2-圏Aと2-関手 D:A→CAT が満たす性質(公理)を書き下すことはしませんが、そのような概念的装置はderivatorと呼ばれます。このderivatorを発明したのは誰かというと …… またしてもグロタンディークです。derivatorの研究者であるジョルジュ・マルツィニョティス*2(Georges Maltsiniotis, http://www.math.jussieu.fr/~maltsin/)のサイトに、"a text written by Alexander Grothendieck between October 1990 and the middle of 1991." (http://www.math.jussieu.fr/~maltsin/groth/Derivateursengl.html) が掲載されています。
"derive"という語から、導来圏(derived category)を連想しますが、実際にderivatorと導来圏は関係します。「導来圏と蓬来軒」から引用すると:
上原北斗さんの記事「速習! 導来圏」によると、導来圏も新しいものではなくて「1960年代にGrothendieckと彼の学生Verdierによって導入された概念である」と。これもグロタンディークかよ、って感じです。
derivatorの提案は1990年頃なので導来圏よりかなり後になります。なんでも、導来圏/三角圏の問題点を解決するためにderivatorが導入されたようです。ものすごく一般的な(コ)ホモロジー理論のような印象もあります(よく分からんけど)。
スピヴァックは、彼の関手データモデルの枠組みとしてderivatorを意識しているのでしょう。ひょっとして(単なる憶測ですが)、データマイグレーション関手のアイディアの源泉は、derivatorの順像関手(direct image functor)かもしれません。「関手データモデル入門 4:ためらってしまう心を取り除く」で、
最近僕は、導来圏/導来関手、ホモトピー・カン拡張など、自分とは何の縁も接点もないと思っていた概念が、実務上も使えるんじゃなかろうか、という気分がしてます。
と述べたのはこういう背景です。
さて、スピヴァックの定式化では、スキーマS上のインスタンスの全体は [S, Set] なので、反変共変の向きを気にしないなら、S上の(集合値)前層の圏になっています。よって、スキーマS上のデータモデル(インスタンスの全体)の圏は Presheaf(S) と書いてもいいでしょう。前層の圏 Presheaf(S) はトポスになりますが、この事実の発見者もグロタンディークで、前層によって実現されるトポスはグロタンディークトポスと呼ばれています。スピヴァックの「型システムとデータベースの統合」では、グロタンディークトポスが使われています。
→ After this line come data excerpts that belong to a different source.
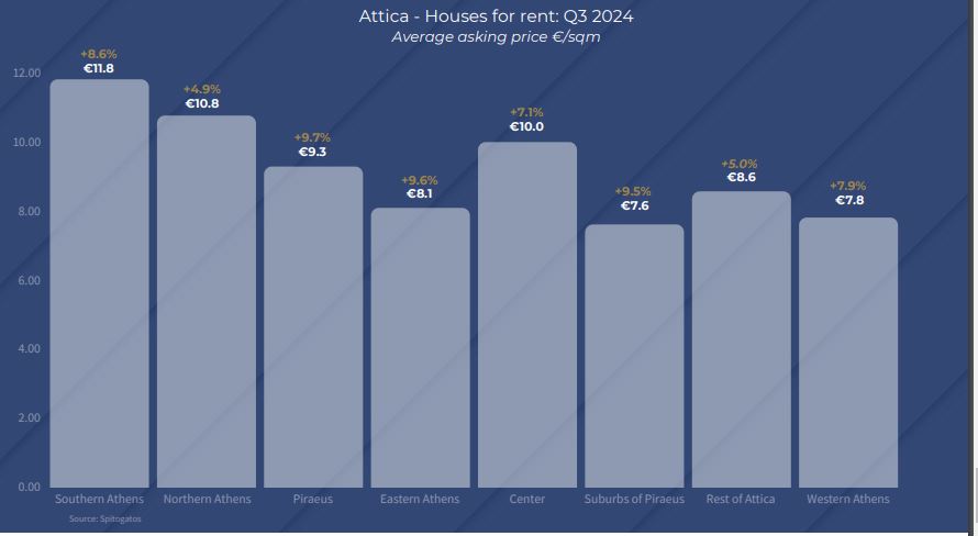 Στον τομέα των ενοικίων, οι κεντρικές και νότιες συνοικίες της Αθήνας συνεχίζουν να καταγράφουν υψηλές τιμές, με τις νότιες περιοχές να σημειώνουν μέση τιμή 11,8 ευρώ/τ.μ. το μήνα, ενισχυμένες κατά 8,6% σε ετήσια βάση.
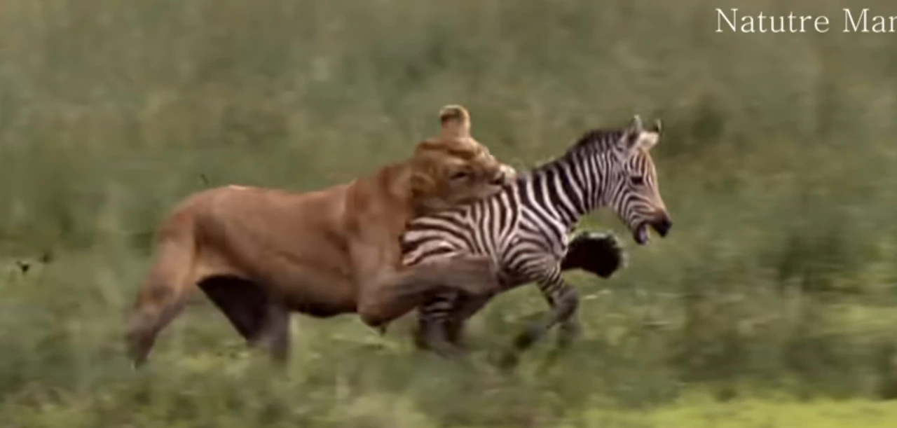 사자가 얼룩말이나 루우 소를 사냥하는
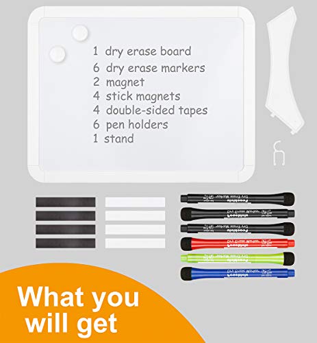 - Includes – 1 dry erase board, 6 dry erase markers, 2 magnet, 4 double-sided tape, 4 stick magnets, 1 stand.
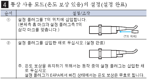설정 플러그가 5분 이상 삽입되지 않으면 온도 보상이 없는 상태(설정 이전의 상태)로

「前層が層である」という主張に意味を与えるためには、圏Sに“位相”が必要になります。個別のSよりは、スキーマの全体の圏Schに“位相”を入れたほうがいいかもしれません。圏に対して与える“位相”をグロタンディーク位相と呼びます。グロタンディーク位相を持つ圏がグロタンディークサイトです。スピヴァックがグロタンディーク位相に言及している例を見つけてないのですが、考えてないはずはない、という気がします。
ここまでの文章を見れば、ごらんのとおりのグロタンディークまみれ。スピヴァックがなにかとグロタンディークになってしまうのも、ある意味当然なのです。
*1:安全のために、Catで収まる範囲で考える方法もあります。nLabの定義はCatを使っています。